Personal information
- Born: July 13, 1985 (age 40) Bogalusa, Louisiana, U.S.
- Listed height: 6 ft 2 in (1.88 m)
- Listed weight: 212 lb (96 kg)

Career information
- High school: Franklinton (LA)
- College: LSU
- NFL draft: 2009: 7th round, 219th overall pick

Career history
- San Francisco 49ers (2009–2010); Oakland Raiders (2012)*; Sacramento Mountain Lions (2012); San Francisco 49ers (2012)*; Arizona Cardinals (2013); Winnipeg Blue Bombers (2015)*;
- * Offseason and/or practice squad member only

Awards and highlights
- BCS national champion (2008);

Career NFL statistics
- Total tackles: 7
- Stats at Pro Football Reference

= Curtis Taylor (American football) =

American football player (born 1985)

Curtis Trishton Taylor (born July 13, 1985) is an American former professional football player who was a safety in the National Football League (NFL).
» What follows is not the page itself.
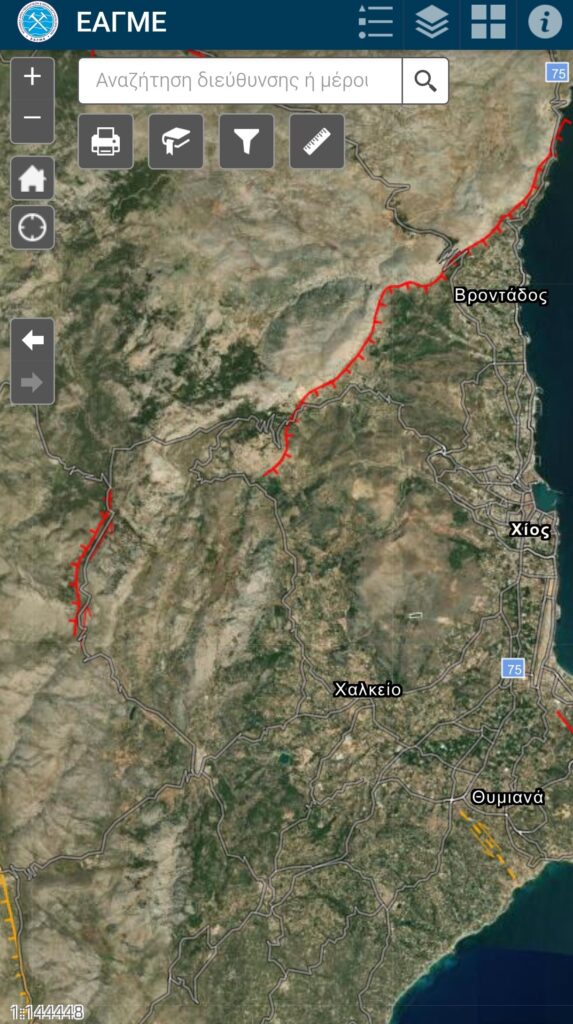 Στον χάρτη του ΕΑΓΜΕ που δείχνει τα ρήγματα στον ελλαδικό χώρο βλέπουμε ότι στην περιοχή που κατασκευάστηκε το φράγμα Κόρης γεφύρι, ένα χιλιόμετρο μακριά από το κέντρο της πόλης Χίου περνάει σεισμογενές ρήγμα και μάλιστα είναι μια περιοχή που έχει δώσει τον πλέον πολύνεκρο σεισμό στον ελλαδικό χώρο, το 1881.

He played college football for the LSU Tigers and was selected by the San Francisco 49ers in the seventh round of the 2009 NFL draft.

Taylor was also a member of the Oakland Raiders, Sacramento Mountain Lions, Arizona Cardinals, and Winnipeg Blue Bombers.

==Early life==
He played high school football at Frankliinton High School in Franklinton, Louisiana.

==Professional career==

Pre-draft measurables
| Height | Weight | Arm length | Hand span | 40-yard dash | 10-yard split | 20-yard split | 20-yard shuttle | Three-cone drill | Vertical jump | Broad jump | Bench press |
| 6 ft 2+1⁄4 in (1.89 m) | 209 lb (95 kg) | 33+1⁄2 in (0.85 m) | 9+1⁄4 in (0.23 m) | 4.49 s | 1.53 s | 2.62 s | 4.23 s | 7.25 s | 37.5 in (0.95 m) | 10 ft 9 in (3.28 m) | 13 reps |
All values from NFL Combine/Pro Day

===San Francisco 49ers (first stint)===
Taylor was selected in the seventh round, 219th overall pick, by the San Francisco 49ers in the 2009 NFL draft. He was released by the 49ers on September 3, 2011.

===Oakland Raiders===
On January 5, 2012, Taylor signed a future/reserve contract with the Oakland Raiders.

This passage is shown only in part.